Perhaps more interesting is that the FCA found cost disclosure was acceptable in only 52.7% of cases. This means it wasn’t up to scratch in nearly half of the reports reviewed.
This doesn’t surprise me, given my long-held view that financial advisers generally charge too much and pay inadequate attention to overall cost. Let’s face it, offending advisers are unlikely to shout about their steep fees from the rooftops – there’s a greater temptation to try and sweep them under the carpet. But they should be clearly disclosing them in their suitability reports, along with those of the products they recommend.

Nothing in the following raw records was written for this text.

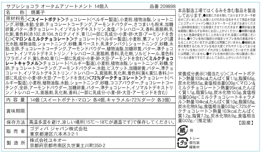 [3箱]ゴディバジャパン サブレショコラ オータムアソートメント 14個入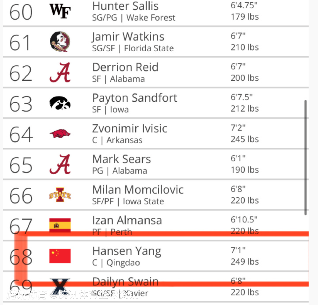 2025-01-28 14:30北京时间1月28日,知名模拟选秀网站Tankathon更新了25年NBA模拟选秀排名,杨瀚森排名相较上一期上升一位,来到第68位。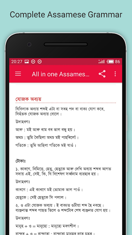 All the major and important topics of Assamese Grammar are included with this app along with various Assamese Language tools.
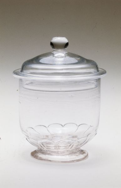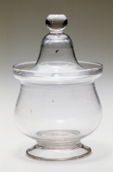 Editor: Here we have a glass lamp base, estimated to be from the 18th or 19th century. The form is very elegant. What's striking to me is how functional it is as a base. What do you make of it? Curator: Well, let's consider the labor involved in producing glass of this kind, especially in the 18th and 19th centuries. We need to appreciate the specific technical skill necessary. What sort of social conditions make it desirable to invest so much labour in producing such objects? Editor: So, rather than just appreciating its form, we need to think about the process of making it? Curator: Precisely. Think about where the raw materials came from: The social ramifications of resource extraction for glassmaking, and distribution networks necessary. Even in its simple form, this lamp base speaks to a whole system of production and consumption. What purpose did the lamp serve in the society that made it? Editor: It probably meant access to a longer workday, the ability to read and write later into the night, or increased safety navigating the house at night. But did the cost of such lighting impact who could afford it? Curator: Exactly! The question then becomes, how did something like a glass lamp base reinforce existing social structures? Was it available only to a certain class? How might access to its functional use shape behaviours or societal engagement, compared to communities where such items aren't easily acquired? It may be more impactful as a marker of social mobility or stability than just as a functional item. Editor: That's fascinating, thinking about how this object connects to larger social systems. It highlights labor, materiality, and consumption – I see it in a totally different light now. Curator: Indeed, and recognizing those links can reveal a lot about the past, and even inform our present understanding of consumerism and resource usage.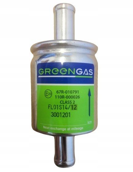 Один летючий фазовий фільтр для послідовної установки компанії Greengas 14/12 мм з паперовою вставкою. Він розміщується між інжекторами та редуктором. Для належної роботи встановлення рекомендується проходити фільтр кожні 10 000- 15 000 кілометрів або принаймні раз на рік.

We always show all costs in our reports, in both percentage terms and pounds and pence, using a very clearly laid out table with supporting explanations. It’s simple to do and our clients find it very helpful when establishing how much they’ll pay and to whom.
What does surprise me is that based on these findings almost half of the customers covered by the FCA review appear to have taken advice without properly understanding how much it will cost them – never a good idea.